More electric vehicles were registered last year than over the previous five years combined, according to the latest figures from the SMMT.
Whilst the overall new car market struggled to rebuild following a pandemic-ravaged 2020, 190,727 new battery electric vehicles (BEV) joined Britain’s roads, along with 114,554 plug-in hybrids (PHEVs), meaning 18.5% of all new cars registered in 2021 can be plugged in.
This is in addition to the 147,246 hybrid electric vehicles (HEVs) registered which took a further 8.9% market share in a bumper year for electrified car registrations, with 27.5% of the total market now electrified in some form.
2021 new car registrations grew by a marginal 1.0% against the dire 2020, with 1.65 million new cars entering the UK market over the past year. The figures underline the ongoing impact of Covid and the semiconductor shortage on the industry, with the market down -28.7% on pre-pandemic 2019, representing the second worst year since 1992.
To date, more than 40% of models are now available as plug-ins, and the UK finished 2021 as the third largest European market for new car registrations but the second largest by volume for plug-in vehicles and the second largest for BEVs. However, it is only in ninth position overall in Europe for BEVs by market share.
In terms of the best-selling models for December 2021, the Tesla Model 3 topped the charts and finished the year as the second most popular vehicle overall. The Nissan Leaf also made it into the top ten most purchased cars last month, but no other electric vehicle was in the top ten for the year.
Mike Hawes, SMMT chief executive, said: “It’s been another desperately disappointing year for the car industry as Covid continues to cast a pall over any recovery. Manufacturers continue to battle myriad challenges, with tougher trading arrangements, accelerating technology shifts and, above all, the global semiconductor shortage which is decimating supply.
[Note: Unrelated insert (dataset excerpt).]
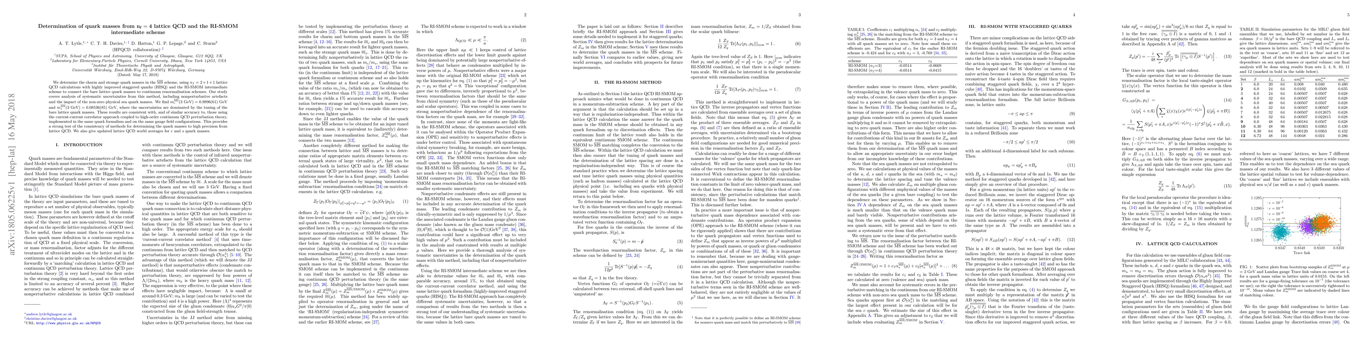 This paper determines the charm and strange quark masses using $n_f=2+1+1$ lattice QCD calculations with HISQ and the RI-SMOM scheme, finding $m_c^{\overline{\text{MS}}}(3 \text{GeV}) = 0.9896(61)$ GeV and $m_s^{\overline{\text{MS}}}(3 \text{GeV}) = 0.08536(85)$ GeV, and provides a consistency test with other high-precision methods.

“Despite the challenges, the undeniable bright spot is the growth in electric car uptake. A record-breaking year for the cleanest, greenest vehicles is testament to the investment made by the industry over the past decade and the inherent attractiveness of the technology. The models are there, with two of every five new car models now able to be plugged in, drivers have the widest choice ever and industry is working hard to overcome Covid-related supply constraints.
“The biggest obstacle to our shared net zero ambitions is not product availability, however, but cost and charging infrastructure. Recent cuts to incentives and home charging grants should be reversed and we need to boost the roll out of public on-street charging with mandated targets, providing every driver, wherever they live, with the assurance they can charge where they want and when they want.”
Looking ahead, the latest forecast for 2022 – published in October, before the rise of the Omicron variant – is for 1.96 million new car registrations.